Corentine fera des rencontres avec des militants syndicalistes qui vont lui apprendre que rien n’est gagné si l’on ne se bat pas. Elle aperçoit une forme d’horizon constructif. Elle comprend que le combat syndical n’est pas réservé qu’aux hommes. Les femmes prennent leurs destins en main puisque les hommes sont au front. Cependant la lutte syndicale n’apporte pas l’égalité entre les sexes.
Corentine cette femme à la tête haute avait le sens de l’humour. Jamais jalouse, jamais d’excuses de sa faiblesse et de sa fragilité.
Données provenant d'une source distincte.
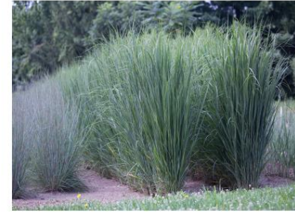
Northwind' Switchgrass Panicum virgatum 'Northwind'

Comment: Showy flowers, attracts hummingbirds and butterflies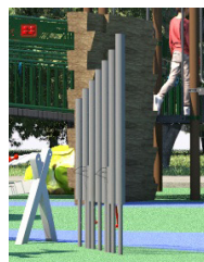
Musical Chimes $1,500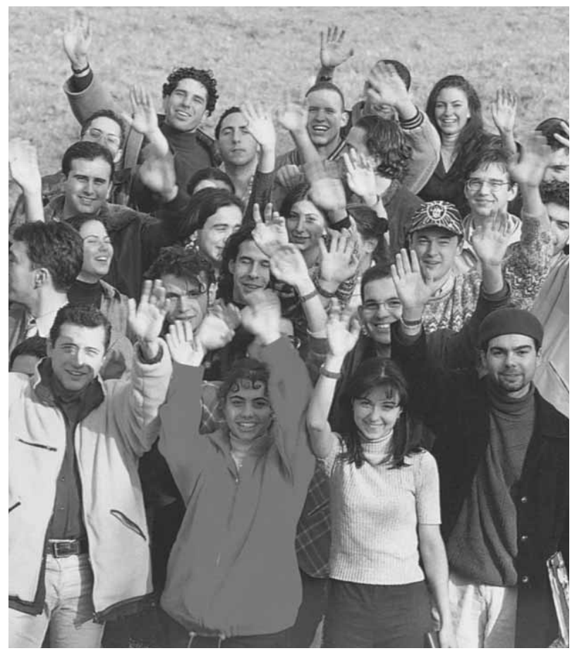
"For Years You are Taught that Sex and Sexuality is the Devil to be Feared. Then, in One Night, it is Supposed to Become the Angel to be Loved. This is Just not Possible!" (a Participant from WWHR's Human Rights Training for Women)

such circumstances as: alleged rape, sexual conduct with minors, and encouraging or acting as an intermediary for prostitution. In the case of such crimes, if there are no other means of proving the alleged crime or if the passage of time may interfere with gathering evidence for the case, the judge may order a vaginal or anal examination without the consent of the woman. The judicial decree must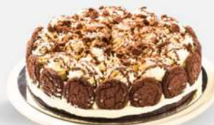
Cookie Crumble Cheesecake

Hazelnut-caramel cheesecake rich, creamy indulgence with nutty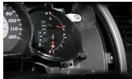
13. Remove the screws.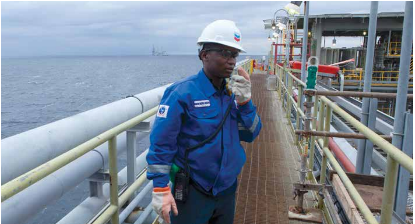
At Chevron, following safety procedures is vital at all times.

Après la guerre, sa vie reprend l’espoir sur la dureté en retournant en Bretagne et en se remettant toute son ardeur à l’ouvrage. Elle monte un commerce de vêtements. C’est ainsi qu’elle rencontre François tailleur, fou d’elle avec qui elle se remariera en mai 1919. De nombreuses femmes jalouses en voulaient à Corentine d’avoir trouvé époux, car tant d’hommes du village étaient morts à la guerre. Un fils viendra au monde en y restant que six ans emportés d’une pneumonie. Yvette, la mère de Roselyne Bachelot, sera la seconde fille du couple. François les poumons rongés par les gaz de la guerre et par l’abus de l’absinthe s’étendra à cinquante-six ans.
Corentine n’avait pas peur de ceux qui voulaient la dominer. La guerre de 1940 montrera sa force hallucinante. Corentine aidera les maquisards.
L’existence et l’exemplarité de Corentine ont toujours accompagné Roselyne. Elles sont un exemple individuel et collectif à leur façon.
Corentine partira en juillet 1969,le jour ou Armstrong pose le pied sur la lune. « Ma grand-mère m’a légué le bien le plus précieux : savoir qu’il faut se battre pour transformer sa vie en destin » écrit et signe Roselyne Bachelot.